| Stored dataset items |

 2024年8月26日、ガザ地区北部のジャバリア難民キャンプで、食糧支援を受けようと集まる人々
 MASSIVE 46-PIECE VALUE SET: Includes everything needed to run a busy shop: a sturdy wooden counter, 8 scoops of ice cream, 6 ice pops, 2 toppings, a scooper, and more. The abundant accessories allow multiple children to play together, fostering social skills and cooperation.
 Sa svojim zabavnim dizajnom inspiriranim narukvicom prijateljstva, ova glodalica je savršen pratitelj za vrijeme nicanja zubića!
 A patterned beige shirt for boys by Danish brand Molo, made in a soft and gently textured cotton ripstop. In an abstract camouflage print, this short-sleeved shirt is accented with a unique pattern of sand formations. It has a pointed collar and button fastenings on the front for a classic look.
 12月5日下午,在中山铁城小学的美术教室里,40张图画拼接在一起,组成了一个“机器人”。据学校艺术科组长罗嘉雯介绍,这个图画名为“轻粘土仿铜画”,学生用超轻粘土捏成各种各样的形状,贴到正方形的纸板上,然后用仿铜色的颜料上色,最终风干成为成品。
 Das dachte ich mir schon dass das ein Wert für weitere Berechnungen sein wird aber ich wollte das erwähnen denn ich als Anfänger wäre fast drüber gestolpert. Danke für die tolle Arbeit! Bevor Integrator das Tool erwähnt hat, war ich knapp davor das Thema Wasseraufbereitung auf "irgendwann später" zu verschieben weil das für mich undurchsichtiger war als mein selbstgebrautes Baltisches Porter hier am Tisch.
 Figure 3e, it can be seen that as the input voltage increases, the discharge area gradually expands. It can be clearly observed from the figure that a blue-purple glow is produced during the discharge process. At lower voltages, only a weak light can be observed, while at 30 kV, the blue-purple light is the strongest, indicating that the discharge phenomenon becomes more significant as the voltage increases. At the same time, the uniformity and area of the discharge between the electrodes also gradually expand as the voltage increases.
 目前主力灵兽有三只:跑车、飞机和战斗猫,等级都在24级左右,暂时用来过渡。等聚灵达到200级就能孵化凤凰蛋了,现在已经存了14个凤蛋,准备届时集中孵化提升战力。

| What the task requires |
Lines from the one containing "Das dachte ich" through the final line of the entries above are to be output exactly; omit all others.

| Result for this exercise |
 Das dachte ich mir schon dass das ein Wert für weitere Berechnungen sein wird aber ich wollte das erwähnen denn ich als Anfänger wäre fast drüber gestolpert. Danke für die tolle Arbeit! Bevor Integrator das Tool erwähnt hat, war ich knapp davor das Thema Wasseraufbereitung auf "irgendwann später" zu verschieben weil das für mich undurchsichtiger war als mein selbstgebrautes Baltisches Porter hier am Tisch.
 Figure 3e, it can be seen that as the input voltage increases, the discharge area gradually expands. It can be clearly observed from the figure that a blue-purple glow is produced during the discharge process. At lower voltages, only a weak light can be observed, while at 30 kV, the blue-purple light is the strongest, indicating that the discharge phenomenon becomes more significant as the voltage increases. At the same time, the uniformity and area of the discharge between the electrodes also gradually expand as the voltage increases.
 目前主力灵兽有三只:跑车、飞机和战斗猫,等级都在24级左右,暂时用来过渡。等聚灵达到200级就能孵化凤凰蛋了,现在已经存了14个凤蛋,准备届时集中孵化提升战力。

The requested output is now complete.